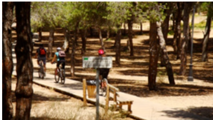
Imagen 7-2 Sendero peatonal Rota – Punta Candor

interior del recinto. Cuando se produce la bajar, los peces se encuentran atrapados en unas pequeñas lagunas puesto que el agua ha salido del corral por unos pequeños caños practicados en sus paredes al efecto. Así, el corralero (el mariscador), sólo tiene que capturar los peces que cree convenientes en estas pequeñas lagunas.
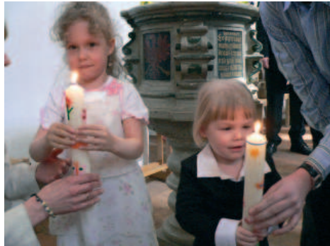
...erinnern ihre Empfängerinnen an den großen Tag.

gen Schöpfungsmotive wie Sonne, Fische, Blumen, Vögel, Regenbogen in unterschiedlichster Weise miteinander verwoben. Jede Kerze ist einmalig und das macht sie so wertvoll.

--

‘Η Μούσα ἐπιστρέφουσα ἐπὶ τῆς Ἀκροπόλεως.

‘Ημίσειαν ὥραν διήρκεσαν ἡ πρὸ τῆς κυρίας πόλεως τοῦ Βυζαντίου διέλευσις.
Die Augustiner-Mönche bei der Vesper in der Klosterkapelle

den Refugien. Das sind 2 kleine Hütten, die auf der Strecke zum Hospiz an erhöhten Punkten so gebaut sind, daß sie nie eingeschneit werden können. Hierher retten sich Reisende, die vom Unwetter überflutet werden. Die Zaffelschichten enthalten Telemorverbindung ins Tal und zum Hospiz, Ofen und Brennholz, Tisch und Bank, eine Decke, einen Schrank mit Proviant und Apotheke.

Problem to work on
Retype the portion of the data above that starts on the line with "den großen Tag." and finishes on the line with "gen Schöpfungsmotive wie", including both of those lines.

Response to this task
...erinnern ihre Empfängerinnen an den großen Tag.

gen Schöpfungsmotive wie Sonne, Fische, Blumen, Vögel, Regenbogen in unterschiedlichster Weise miteinander verwoben. Jede Kerze ist einmalig und das macht sie so wertvoll.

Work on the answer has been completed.